In the KEYNOTE 590 study (NCT03189719), researchers compared Keytruda with or without chemotherapy as a first-line treatment for people with unresectable locally advanced or metastatic esophageal adenocarcinoma or esophageal squamous cell carcinoma (ESCC) or Siewert type 1 esophagogastric junction cancer.
Ken Kato, MD, PhD, of the National Cancer Center Hospital in Tokyo, Japan, and colleagues included 749 participants (83% men), half of whom were randomly selected to receive Keytruda plus chemotherapy.
The study demonstrated an improvement in overall survival in the study population as a whole, in those with ESCC (73% of the population) and in those with a CPS or 10 or more. In the full population, the median overall survival was 12.4 months in the Keytruda group versus 9.8 months in the chemotherapy group, a 27% improvement.
In participants with tumors having a CPS of 10 or more, the median overall survival was 13.5 months in the Keytruda group versus 9.4 months in the chemotherapy group.
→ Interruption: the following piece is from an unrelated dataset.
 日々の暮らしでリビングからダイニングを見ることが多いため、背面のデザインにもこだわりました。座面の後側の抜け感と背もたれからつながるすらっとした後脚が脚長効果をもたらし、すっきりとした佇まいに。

In people with ESCC with a CPS of 10 or more, the median overall survival was 13.9 months versus 8.8 months, respectively.
Keytruda plus chemotherapy also significantly improved progression-free survival by 35% in the population as a whole. Across the study and in the subgroup with ESCC, the median PFS was 6.3 months in the combination arm compared with 5.8 months in the chemotherapy arm. Among those whose tumors had a CPS of 10 or more, median PFS was 7.5 months and 5.5 months, respectively.
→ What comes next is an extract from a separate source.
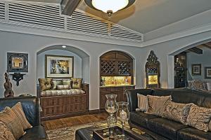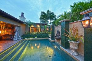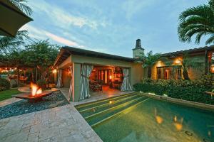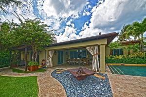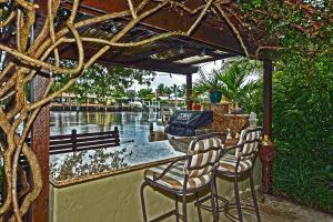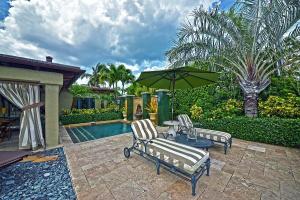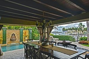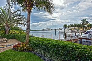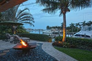 Tropical Waterfront Oasis, a true boater's dream home! 75 feet directly on deep water canal just a few homes off the Intracoastal. Boat dock with lift, water & electric. Own your own piece of paradise with this amazing and quietly spectacular 3BR/4BTH residence, garage and pool. Gas lanterns welcome guest into the walled courtyard entrance patio w/gas fireplace & covered front portico. Warmth and privacy is the theme throughout. Cathedral, wood beamed ceilings, wide planked and pegged floors combining phenomenal open spaces with panoramic water views. An exquisite ''French Country'' kitchen, farmer's sink, island, 6 burner wolf stove and custom glazed wood cabinetry. Fireplace in dining room w/French doors leading to alfresco covered patio. Luxurious master suite plus, plus, plus!

“In KEYNOTE-590, with a 27% reduction in the risk of death, the results show Keytruda has the potential to change the current treatment paradigm for the first-line treatment of patients with locally advanced and unresectable or metastatic esophageal or esophagogastric junction cancer,” Kato said in a press release.
“Pembrolizumab plus chemotherapy should be a new standard of care as first-line therapy in patients with locally advanced unresectable or metastatic esophageal cancer,” study coauthor Peter Enzinger, MD, of the Dana-Farber Cancer Institute in Boston, said at a press conference.
Discontinuation due to treatment-related adverse events occurred in 20% of people on combination therapy and 12% of those on chemotherapy alone. There were nine treatment-related deaths in the Keytruda arm and five in the chemotherapy arm.
In conclusion, “The results of these trials offer oncologists new treatment options,“ said Al-Batran. ”In the first-line setting, there is a clear change of our standard of care, in which patients with high PD-L1 expression will be candidates for immune checkpoint inhibitors plus chemotherapy."